Der Kita-Träger erinnert außerdem daran, dass die Eltern ja vor Vertragsabschluss über die Bedingungen informiert würden: „Wir haben eine ältere Einrichtung mit einem Bestandsschutz“, erklärt Peter Mark. In einem Neubau wäre es natürlich anders. Aber hier seien nicht alle Wünsche erfüllbar. Gern würde das DRK im Obergeschoss erweitern. Aber das sei eine finanzielle Frage. 

Vorwurf: Eltern müssen Eigenleistung bringen

Die Eltern beklagen außerdem, dass trotz steigender Beiträge immer mehr Eigenleistung gebracht werden müsse und sogar Buch über die Beteiligung geführt werde. Diesen Vorwurf weist die Kita zurück. Aber die finanziellen Mittel seien begrenzt. Alles, was die Eltern machen, helfe wirtschaften, so der Elternratsvorsitzende Torsten Remus. Etliche Eltern würden das gern tun. Aber es sei keine Pflicht, versichert Simone Schäfer. Allerdings sei die Kita gegenüber der Stadt zur Eigenleistung verpflichtet. Und die müsse auch gegenüber dem Rathaus nachgewiesen werden.

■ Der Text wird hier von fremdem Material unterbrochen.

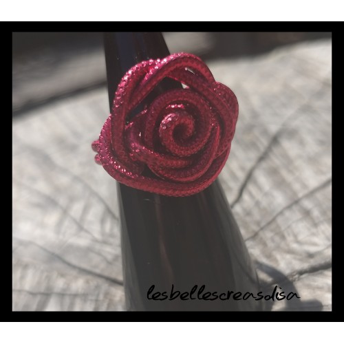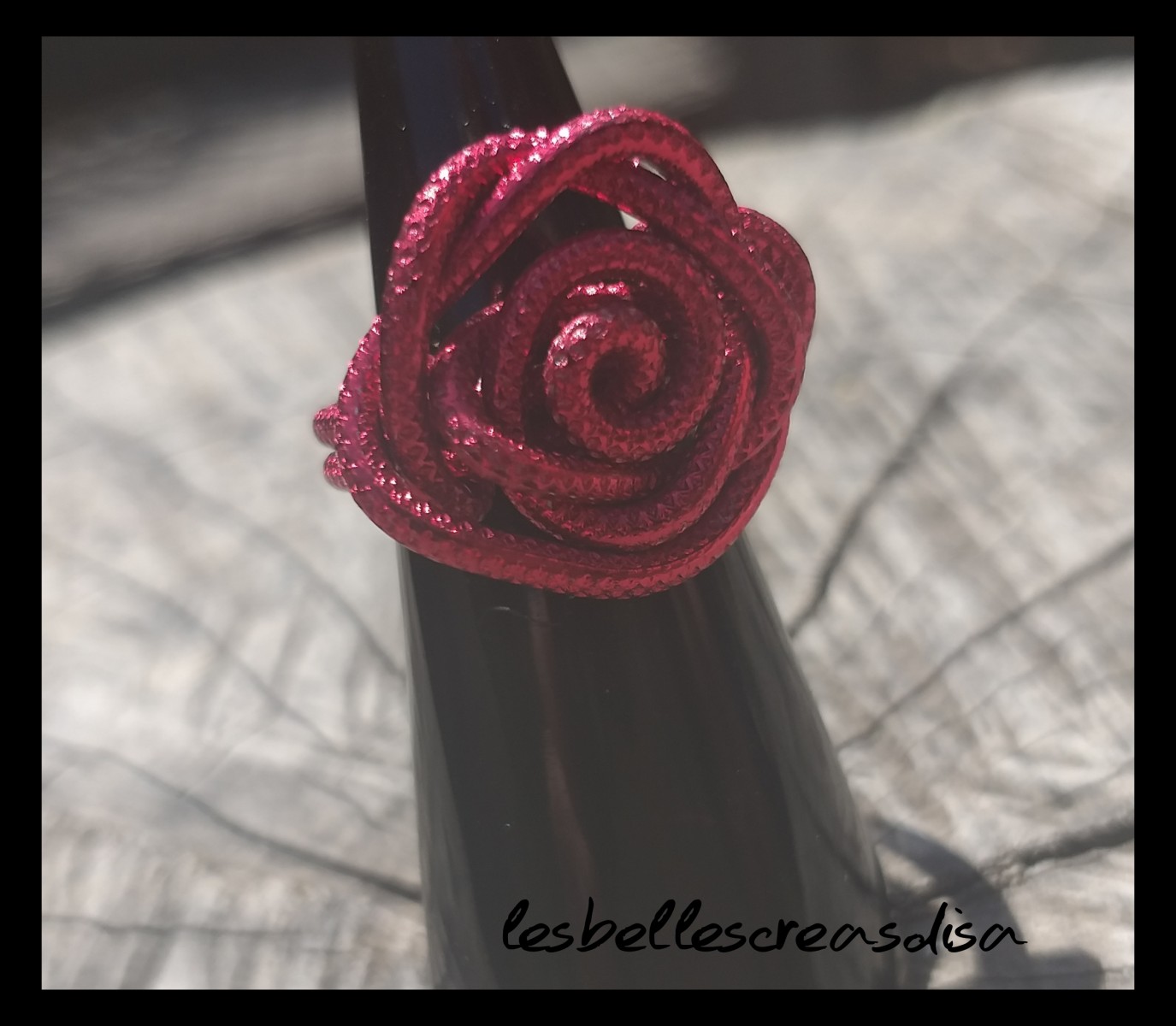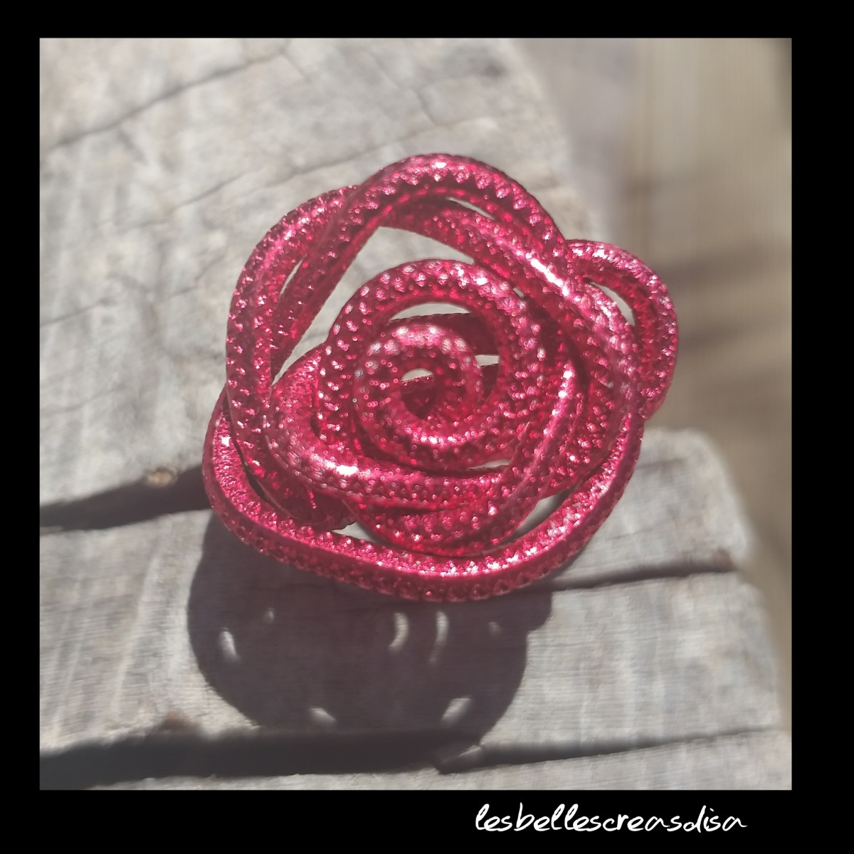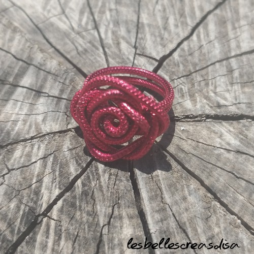 Bague rose rouge réalisée en fil d'aluminium ciselé,

Auf dem Herzen haben die Kritiker unter den Eltern noch mehr. Zum Beispiel zur pädagogischen Arbeit, zur Obstversorgung, der Nutzung des Sportraumes und zum Umgangston mit den Kindern. Das persönliche Gespräch sei oft der Schlüssel zu einer Lösung, sagt Torsten Remus. Manche Dinge seien dann schnell geklärt. Vielleicht müsse der Elternrat auch noch aktiver als Interessenvertreter auftreten, räumt er ein. Die Stadt Kamenz selbst ist bei dieser Kita zwar nicht der Träger, aber auch bereit, zwischen Kita-Leitung und Eltern zu vermitteln.